Task data Start Marker

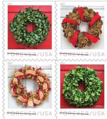
Holiday Wreaths (2019)
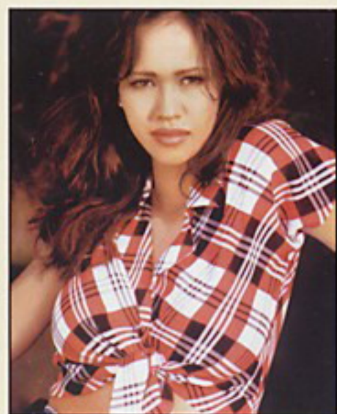
Not Any more!!!
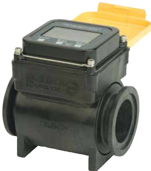
MFM220 2" Full Port Manifold Flow Meter
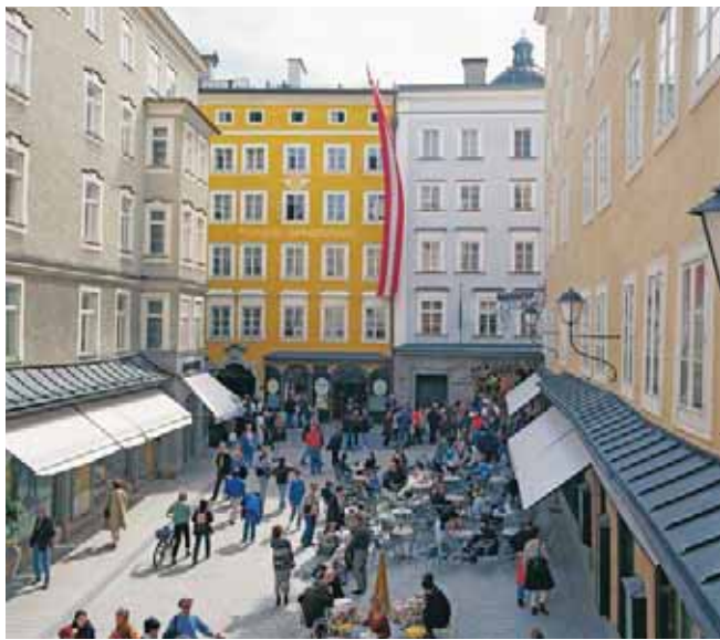
Mozart's Birthplace, Salzburg
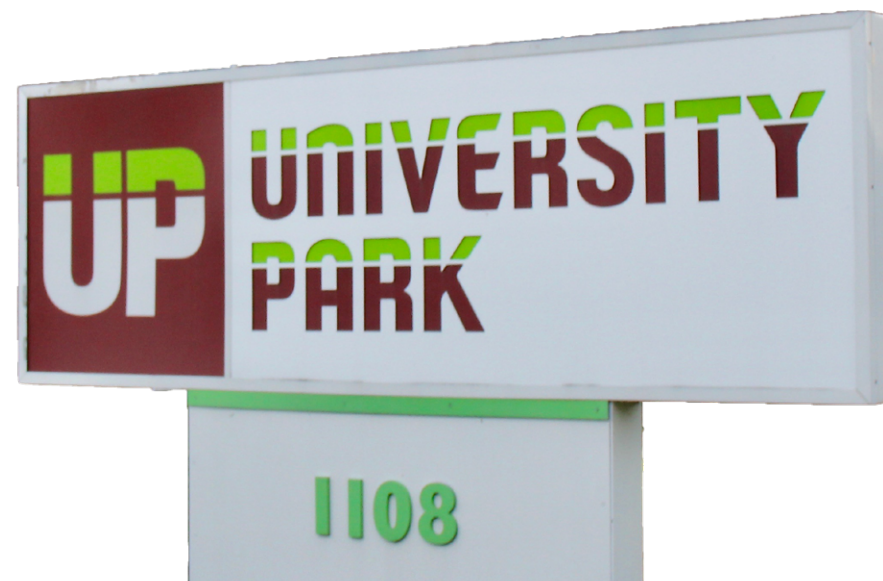
HALIE MILLER | THE EAST CAROLINIAN
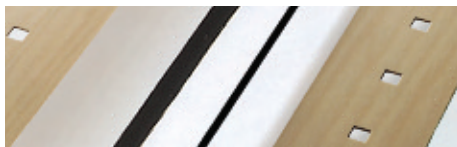
22 Maple (Chrome insert detail)
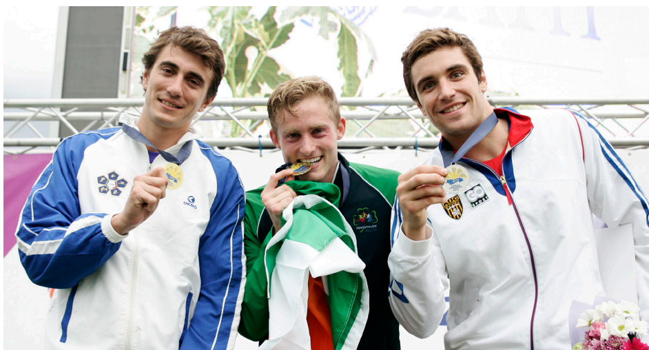
2015 SENIOR EUROPEAN CHAMPIONSHIPS MEN'S INDIVIDUAL COMPETITION PODIUM

"I have a spot for the Olympic Games but I am not nominated yet because that our coaches will decide next year," he said.
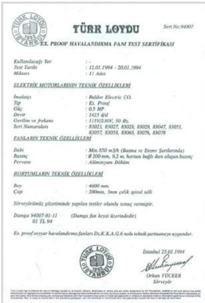
TURKISH LLOYD CERTIFICATE

Task data End Marker

*Goal of the exercise:*
Everything from the line with "HALIE MILLER | THE EAST CAROLINIAN" through the last line of the listing should be retyped exactly, with both end lines kept and the pictures left out.

*Response for this exercise:*
HALIE MILLER | THE EAST CAROLINIAN
22 Maple (Chrome insert detail)
2015 SENIOR EUROPEAN CHAMPIONSHIPS MEN'S INDIVIDUAL COMPETITION PODIUM

"I have a spot for the Olympic Games but I am not nominated yet because that our coaches will decide next year," he said.
TURKISH LLOYD CERTIFICATE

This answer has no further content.